What do the names Truman, Goldwater, Fulbright and Churchill have in common? They are all names of famous people but, more importantly, they are also fellowships offered at our university.

With recent increases in tuition not only at UR but also elsewhere, the importance of these financial gifts is unquestionable.

At UR and other universities, these fellowships are only accessible to American citizens or permanent residents. In other words, all international students are ineligible for various fellowships. This was the cold fact I had to realize when I went to an “Information Session” on fellowships earlier this semester.

At best, international students can participate in essay writing contests which offer a meager maximum cash prize of $5,000.

I say “meager” only because it covers a small fraction of tuition rates in most American universities.

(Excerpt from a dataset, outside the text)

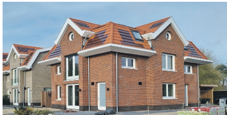
Ontwikkeling Oude Kruisweg, Cruquius Met geïntegreerde zonnepanelen in de dakpannen

Hieronder een kleine greep uit ons werk van de afgelopen twee jaren.

Why can’t international students with the same or better qualifications than American citizens apply for the fellowships?

Students shouldn’t obtain privileges only because of their minority status. The student should only get the privileges if he or she is qualified for them.

While it might give hope for other students of the minority, this hope is false. Other members of underrepresented groups will feel that just from being part of the minority, they can reap the benefits.

With this sort of effect, we gain “not-up-to-it” international students while losing competent American citizens.

On top of the normal costs of tuition and board, international students also endure travel costs – an expensive extra burden.

In addition, consider that on average American families are wealthier than families of international students.

Therefore, while the dollar costs may be the same, the financial load experienced by international students is larger compared to that felt by U.S. citizens.

Moreover, the fact that there are international students who can adapt to completely different lifestyles and balance academics and athletics effectively shows that they are highly motivated and adept.

Lastly, international students, with their diverse backgrounds, also tend to add a whole new dimension to any aspect of life whether it be academic or social.

The fact that international students are unjustifiably denied the right to even apply for fellowships is depressing as it discourages genuinely determined and talented students. If American universities want to achieve true cultural and intellectual diversity, they must get rid of the “uni” in “university.”